Doğanın talan edilmesine ilişkin konuşan TMMOB Yönetim Kurulu Üyesi Küçük, Zap’tan Hasankeyf’e, Çoruh’tan Kazdağları’na, İğneada’dan Cerattepe’ye kadar dayanışmaya ihtiyaç olduğunu söyledi
Yusuf Gürsucu / İstanbul
Son yıllarda Türkiye coğrafyasının dört bir yanında ortaya çıkan doğanın yağmalanarak yok edilme sürecinde enerji, inşaat ve maden şirketleri özel yer tutmaktadır. Bugün daha çok gündemde olan maden ocakları ve özelde Kaz Dağları’nda onbinlerin katılımıyla ilgili görüşlerine başvurduğumuz TMMOB Yönetim Kurulu Üyesi Cemalettin Küçük, sürece dair sorularımızı yanıtladı.
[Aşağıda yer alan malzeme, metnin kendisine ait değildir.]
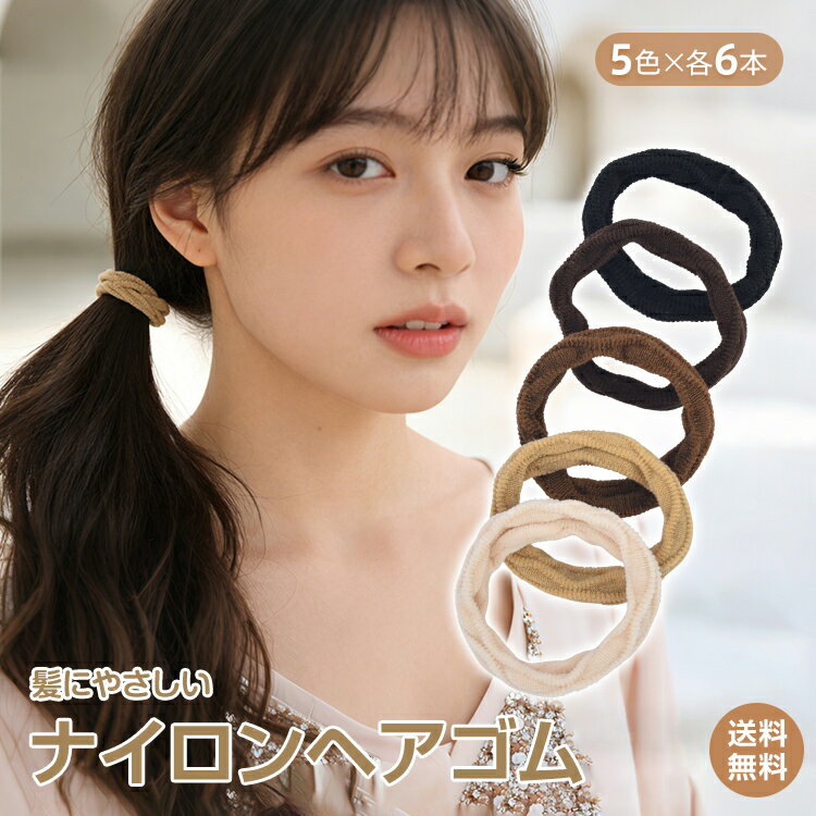 \1点から半額クーポン!/【送料無料】ヘアゴム 30本入り ヘアゴムセット ナイロン 大容量 伸びる ヘアアレンジ ヘアアクセ ブラウン 茶色 太め 髪にやさしい 柔らかい カジュアル シンプル 髪ゴム 通勤 通学 ファッション ap167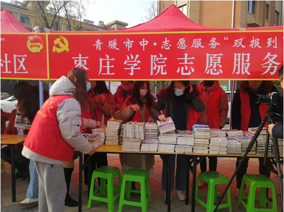 我校永利yl23411集团党总支书记宋建修代表永利yl23411集团把党员师生捐赠的400册图书捐给矿区街道东花园社区图书室,永利yl23411集团和机关四支部20名师生党员志愿者参加了服务进社区、志愿入家门活动。
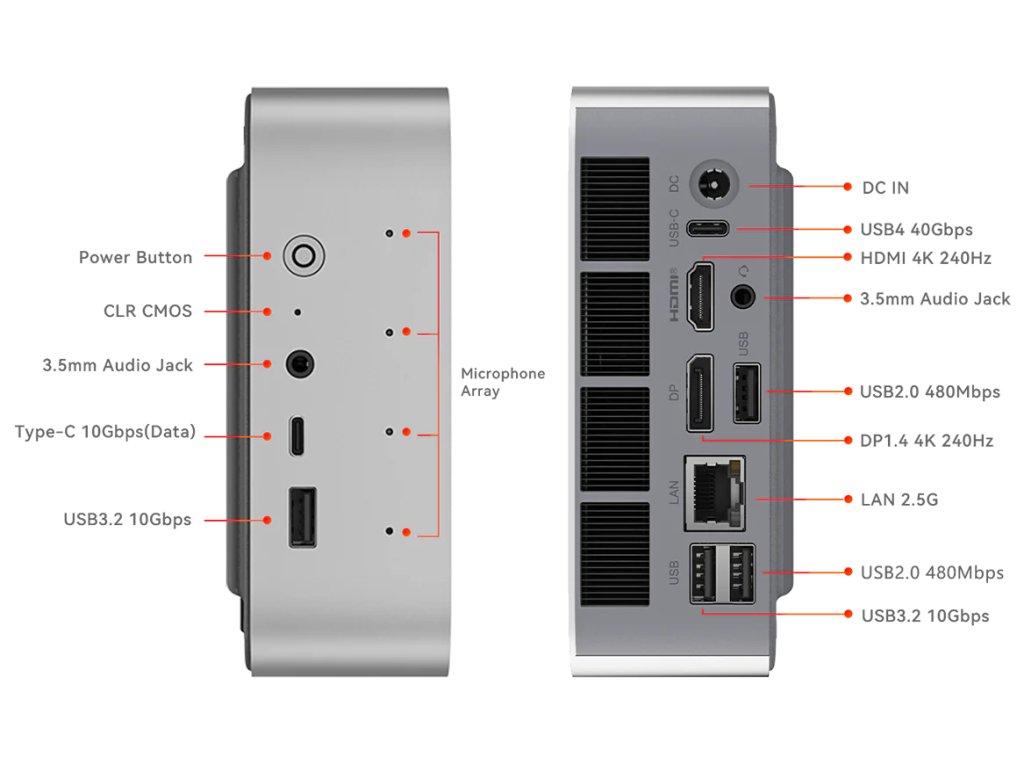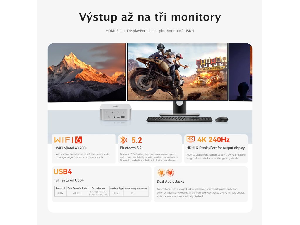 Podporuje standardy Wi-Fi 2.4+5.8G Wi-Fi 6E 802.11ax modulem Intel AX200 a nabízí pevné připojení pomocí RJ45 supervýkonného 2,5Gbit Ethernetu.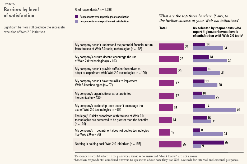 In McKinsey’s 2008 report, Building the Web 2.0 Enterprise, Exhibit 5 correlates perceived barriers to success with current rates of satisfaction with Web 2.0 tools in the enterprise: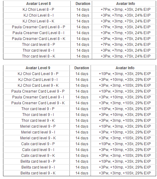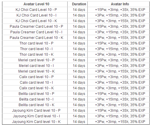 I know a lot of players have been asking about making the avatars more available to the public, and now you can with the brand new Avatar Book II In this box, we will also be having the brand new Ja Young Kim Avatar as well! ![]() Along with the new Ja Young Kim card, you will see the many others that you can get your hands on! >>AVATARS<< ![]() ![]() >> Avatar Extension Ticket << Avatar Extension Ticket (7days) : Extend avatar's remain time (7days) Avatar Extension Ticket (14days) : Extend avatar's remain time (14days) Sale starting on 11/05/2012 at 11:00AM (11:00:00 server time) Sale ending on 11/07/2012 at 4:00PM (16:00:00 server time) **Click here for 1x Avatar Book II**![]() **Click here for 3x Avatar Book II**![]() Thanks, Shot Online Team

Kaz Dağları ve diğer birçok altın madeni Türkiye coğrafyasının bir yarası haline geldi. Pırtrak otu gibi her yerden ortaya çıkmaya başladılar. AKP iktidarı uygulamaya koyduğu maden politikalarından ne umuyor yada nereye varmak istiyor?
AKP uluslararası sermayeye memleketi pazarlayarak sadece alacağı komisyonu hedefliyor. Varacağı yer ise son olarak yandaşlar ve ortaklar olarak elde ettiği ticari kazanımlar dışında hiçbir şey değildir. Türkiye coğrafyasının geldiği son hali onlar için geçici bir konaklama yerinden ibarettir.
Kökeni MHP’li olan ardından ANAP’ta, daha sonra farklı partilerde yer aldıktan sonra en son CHP’ye katılan Yaşar Okuyan, yaptığı açıklamada Kaz Dağları’ndaki altın madenine karşı olduğunu duyurdu. Bu duyuru hakkında ne düşünüyorsunuz?
Yaşar Okuyan ve onun döneminde bakanlık yapanlar yani AKP öncesi Hükumet üyeleri, çıkardıkları Uluslar arası yatırım ve yatırımların garantisini veren yasal değişiklikleri AKP iktidarına hazırlayanlardır. Bu üyelerden birisi de Yaşar Okuyan’dır. Okuyan’ın yapması gereken bu yasaların içeriğini ve nasıl çıkarıldığını halka itiraf ederek özür dilemesidir. Bunun dışında yaptığı hiç bir eleştirisi kabul edilemez.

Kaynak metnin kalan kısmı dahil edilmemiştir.